Recorded data:
□ □ □
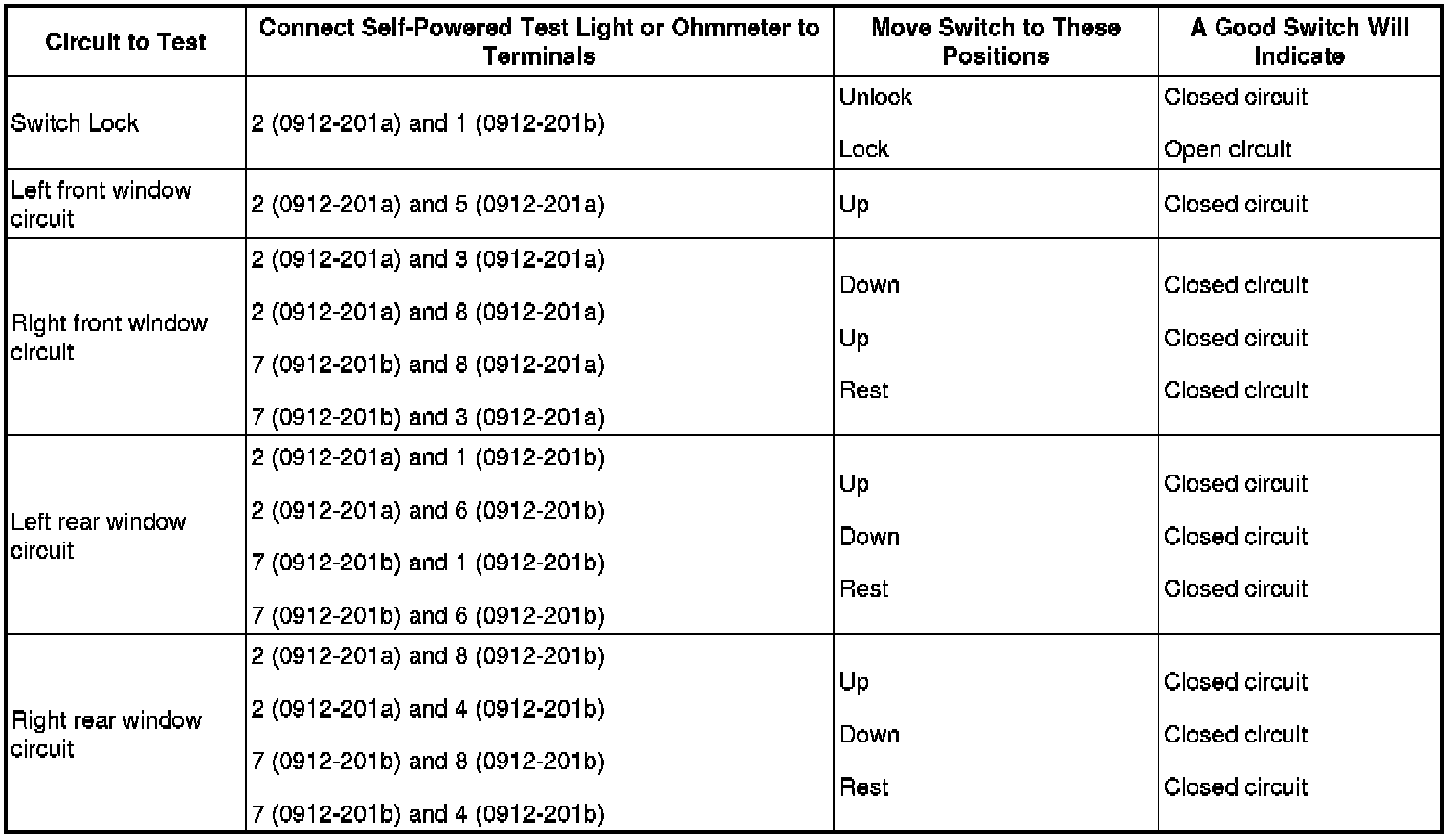 2. Inspect for continuity between the window control switch terminals using a self-powered test light or an ohmmeter.
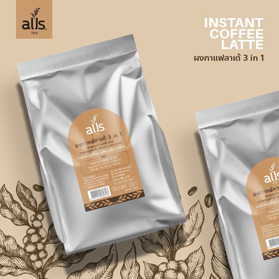 ผงกาแฟลาเต้ 3อิน1 (ตราออลส์) ขนาด 1,000กรัม และ 400กรัม
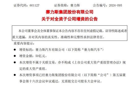 公告显示,为增强赛力斯汽车的资本实力,满足其可持续高质量发展需要,赛力斯拟以自有资金向赛力斯汽车增资50亿元,完成增资后,赛力斯汽车的注册资本为99.6亿元,仍为公司全资子公司。
□ □ □
Work required: Exactly the lines from the one containing "ผงกาแฟลาเต้ 3อิน1 (ตราออลส์)" through the end of the data above: repeat those, both ends included, and nothing else. Skip the pictures.

Result for this task:
 ผงกาแฟลาเต้ 3อิน1 (ตราออลส์) ขนาด 1,000กรัม และ 400กรัม
 公告显示,为增强赛力斯汽车的资本实力,满足其可持续高质量发展需要,赛力斯拟以自有资金向赛力斯汽车增资50亿元,完成增资后,赛力斯汽车的注册资本为99.6亿元,仍为公司全资子公司。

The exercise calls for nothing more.